Derste telefonum titrediğinde sıranın altından gizlice telefonu açtım.

Batın Zade
Birşey olmadı, Mina.
Sadece üzerini değiştirdim, rahatsız elbiseyle uyumanın istemedim.

Birşeyi fark ettiğimde tüm sınıfı inceledim. Dün geceden beri Evra neredeydi?

Mina Nefha
Batın, Evra nerede?
Dün geceden beri görmedim onu.

Batın Zade
Merak etme, erkek arkadaşının yanındadır.

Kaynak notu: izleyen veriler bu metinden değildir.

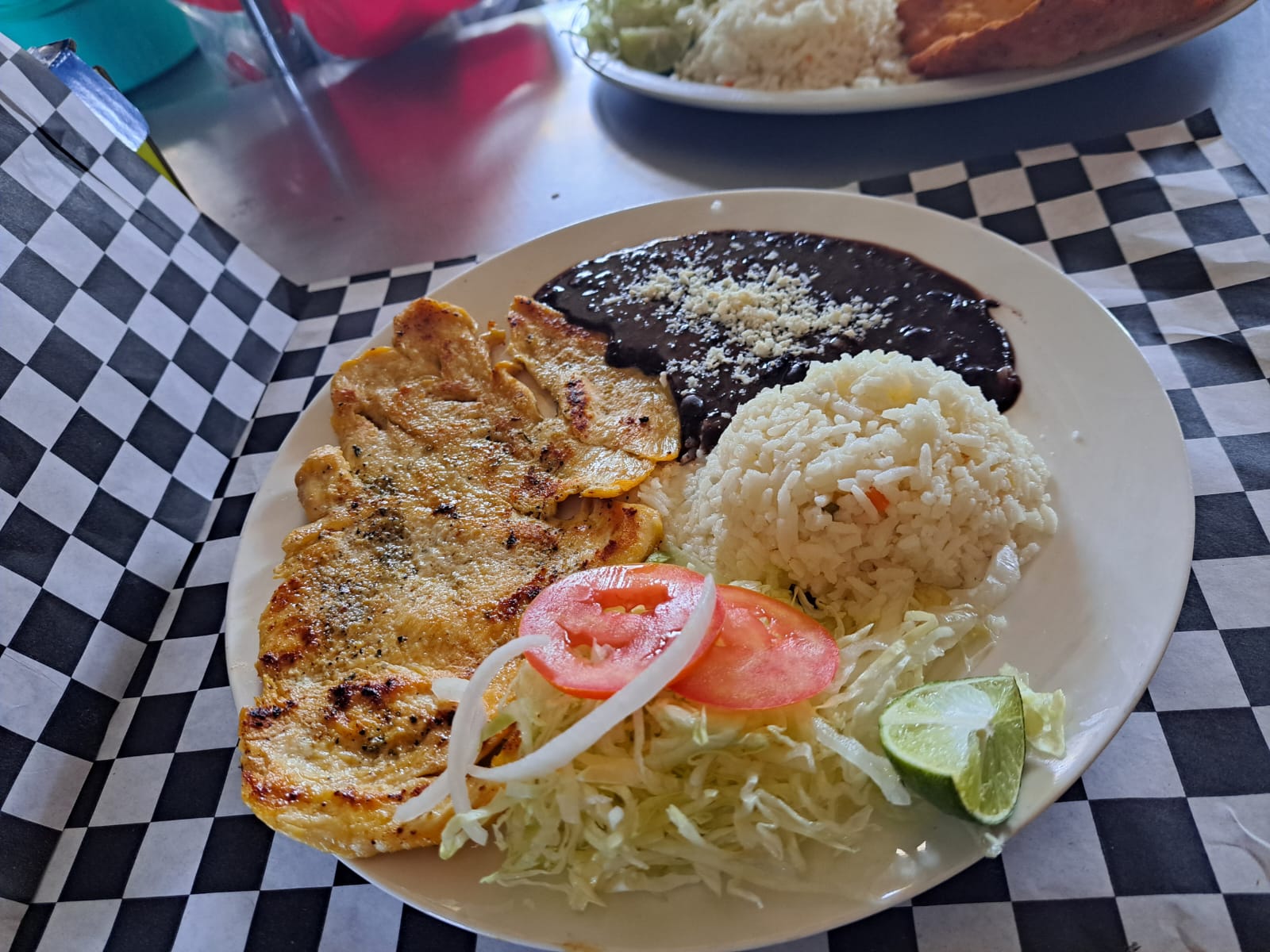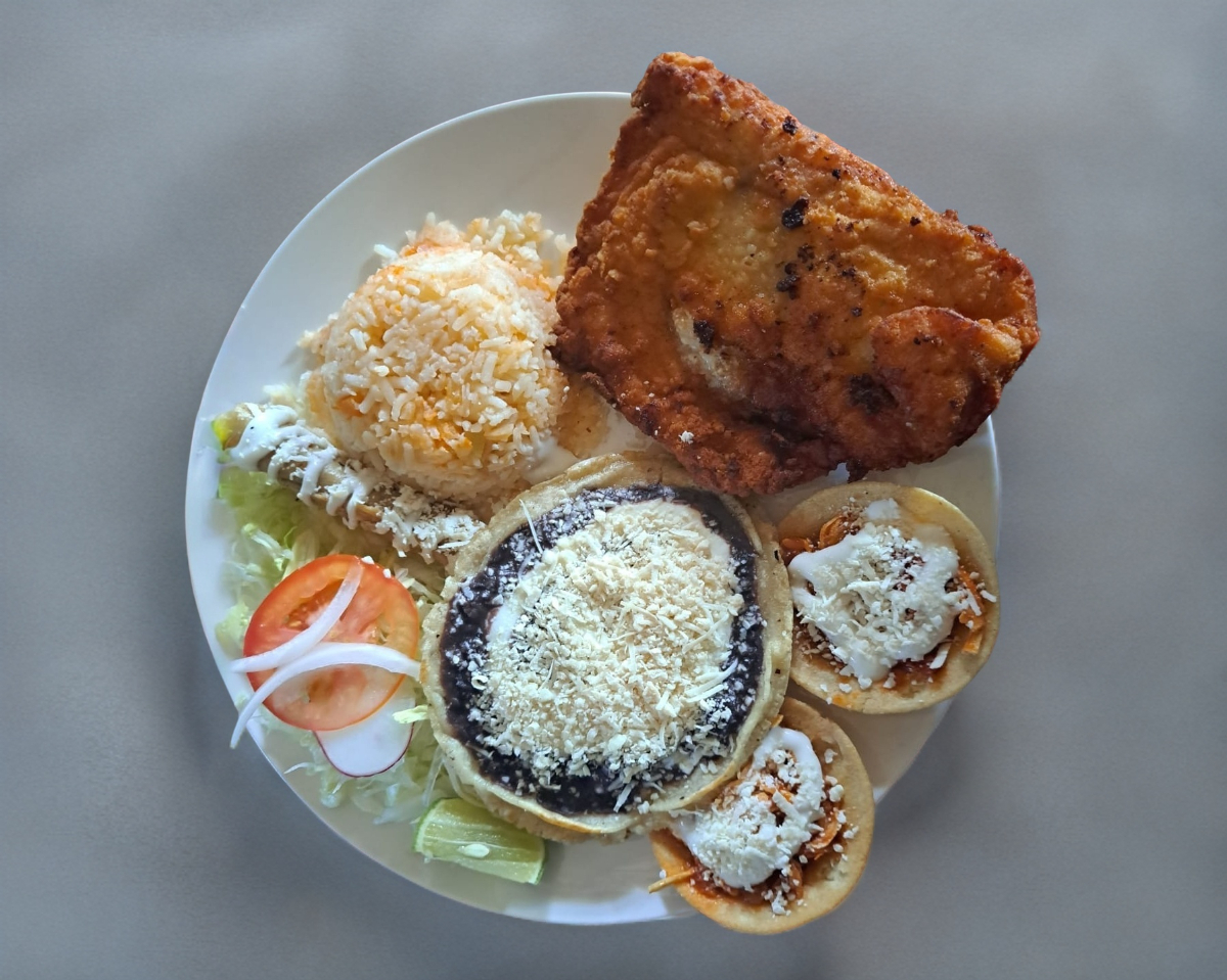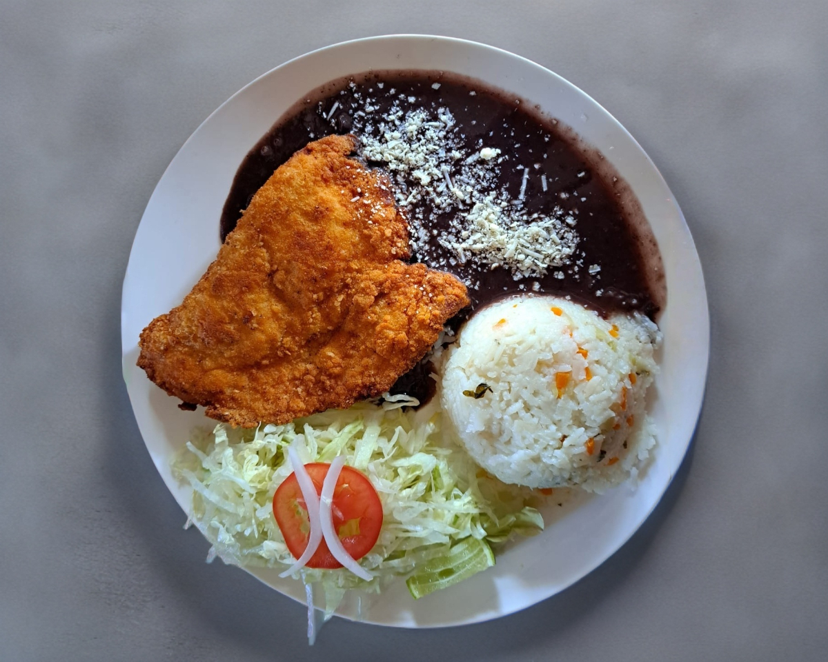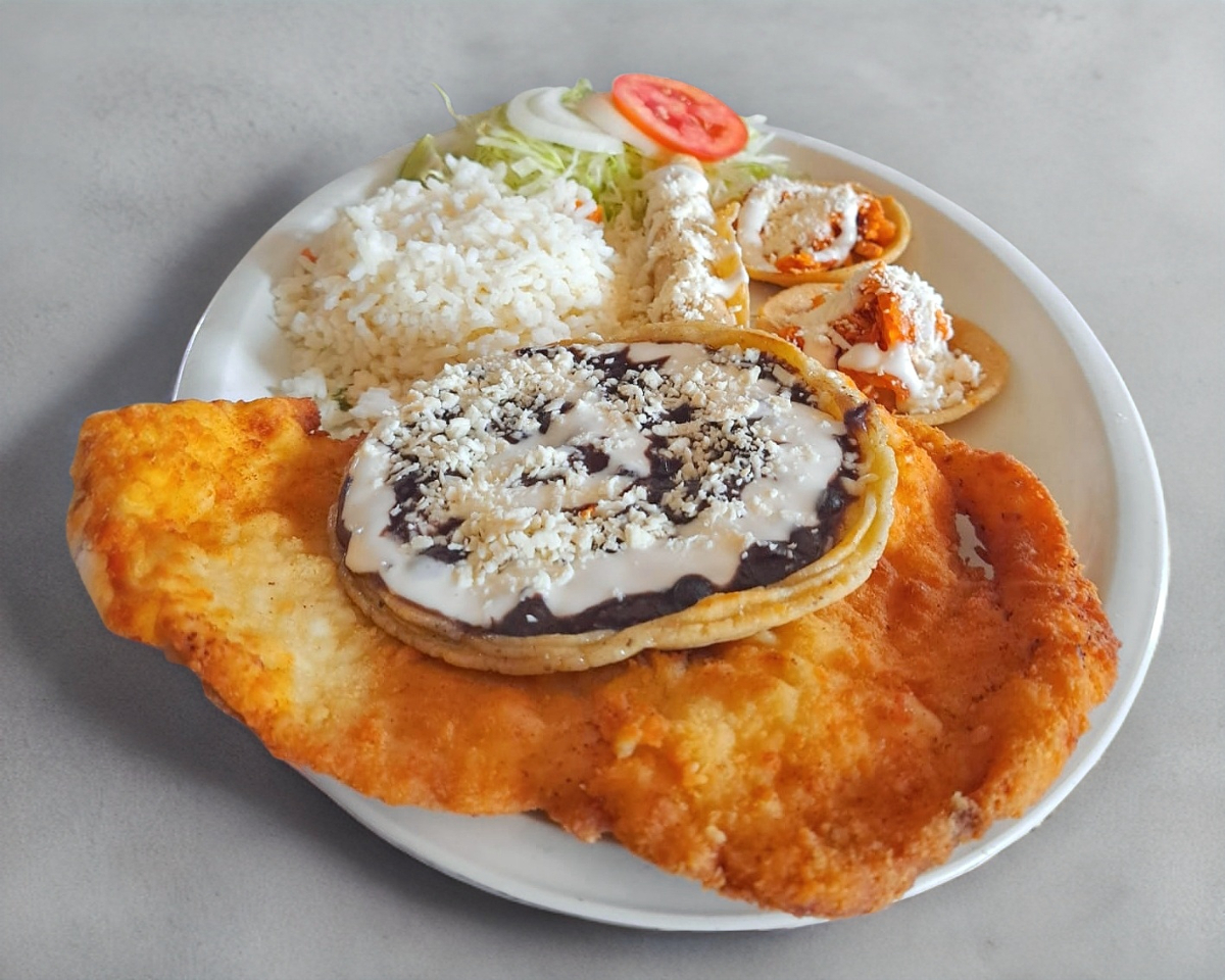 milanesa de pollo, acompañada con 2 enchiladas,1 taco dorado,1 sope de frijol, sopa de arroz, verdura(jitomate,cebolla),romanita) tortilla de comal
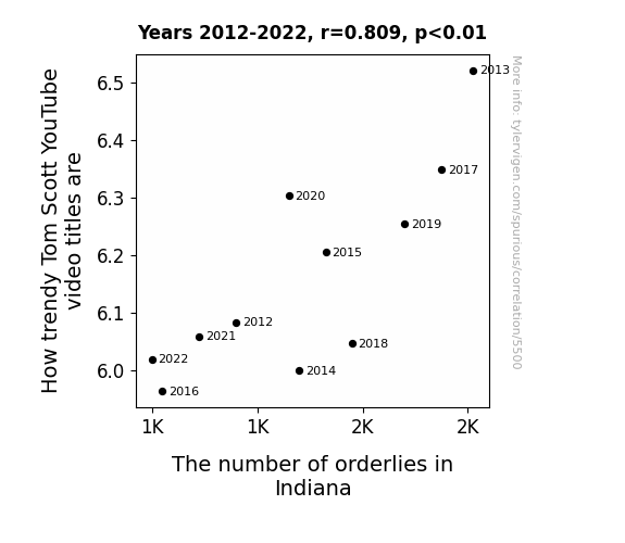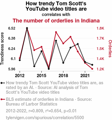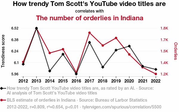 User prompt: Please make up a funny explanation for how increases in How trendy Tom Scott YouTube video titles are positively influenced The number of orderlies in Indiana.

Tamam mesajı yazarken Füsun hoca koluma vurdu. "Ne yapıyorsun kızım derste?" dedi. Ben şaşkınlıkla hocanın yüzüne bakıyorken, "Ne öyle aval aval suratıma bakıyorsun!" diye bağırıp elimden telefonu çekti ve konuşmaları okuyacakken elinden hemen telefonu aldım. "Arkadaşımı merak ettim hocam, kusura bakmayın sabahtan beri ortalıkta..." işaret parmağını uzatıp kapıyı gösterip lafımı kesti. "Madem arkadaşını merak ettin, çık dışarı!" diye bağırdığında yerimden sıçradım. Canını seven Füsun hocayı kızdırmayacaktı. Maşallah kadın 43 yaşında ama geyik gibi sesi var. Sıramdan çantamı aldım ve sınıftan çıktım.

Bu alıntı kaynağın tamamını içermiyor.